LADAKH AND BEYOND

Ladakh is far from having settled down to peace. Chinese PLA is massing up troops in sensitive areas in the region, and India is in a state of preparedness in the event of a fresh face-off. Clearly, the problems in the region are far from being solved or even being in a state of freeze. The arrival of five Rafale fighter jets have obviously raised the confidence levels of the Indian military, but much work remains to be done before the security levels along the northern border are raised to satisfactory levels.

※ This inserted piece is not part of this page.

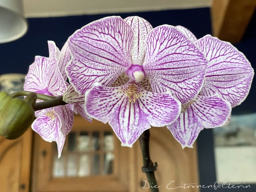 Drinnen habe ich auch eine große Freude, denn meine Orchidee blüht derzeit. Für mich ist das was Besonderes, denn für Orchideen habe ich eigentlich kein besonderes Händchen. Diese hier hat meine Pflege tatsächlich überlebt und noch belohnt.
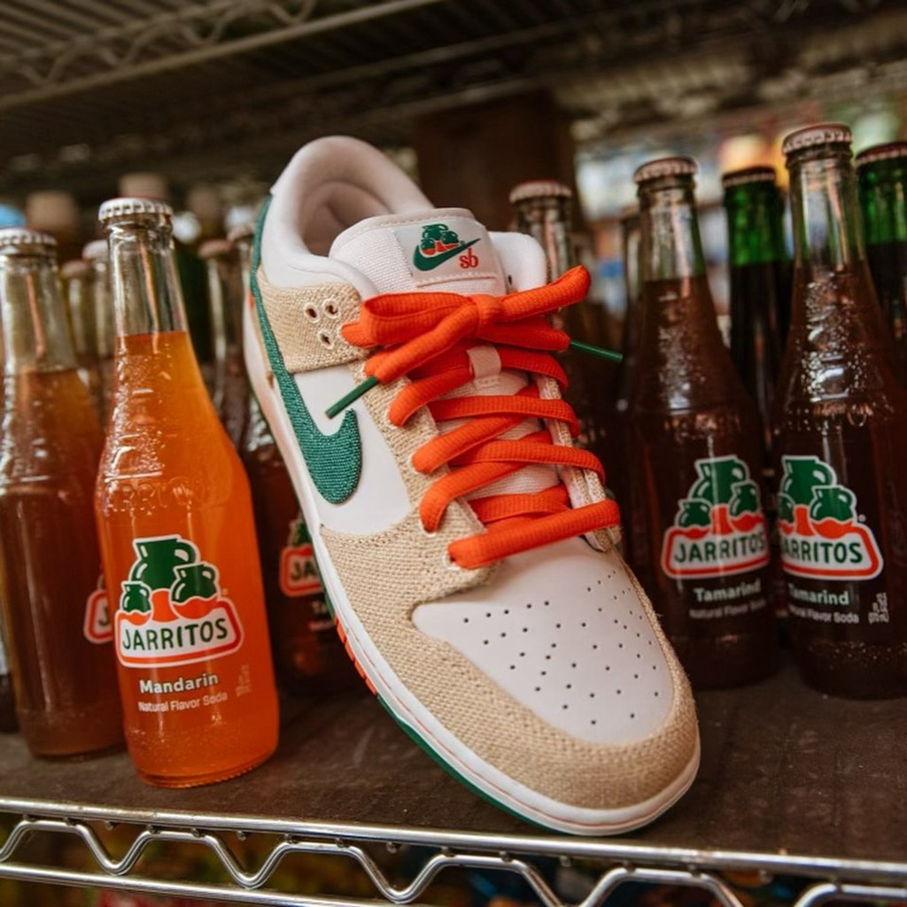 这双 Jarritos x Nike SB Dunk Low 可以说是今年联名 Dunk 爆火的 “万恶之源”,是今年第一双令人意想不到的 “黑马起飞款”。

India has stated that the Chinese military has pulled out of Galwan Valley, the scene of killing of 20 Indian soldiers on May 5, but Chinese pullout from the sensitive ‘fingers’ area has not taken place. India is insistent and  rightly so, that a complete disengagement and withdrawal from areas the PLA crept into in the past couple of months are a pre-requisite to restoration of normalcy. The Chinese are dilly-dallying on the issue of troops withdrawal – after it made a promise to do so on July 6 at the NSA level talks, also involving Pangong Tso and Depsang areas.

It is important that peace is given a chance and it’s also important for India not to lose an inch of land to the Chinese. The original bilateral talks on the issues in Ladakh and beyond started on June 6. It’s going to be two full months now, and the issues are dragging. This Sunday’s talks between military top brass – the fifth round — too were high on promises, but low in terms of confidence-building. It’s three months since the Galwan Valley killings took place.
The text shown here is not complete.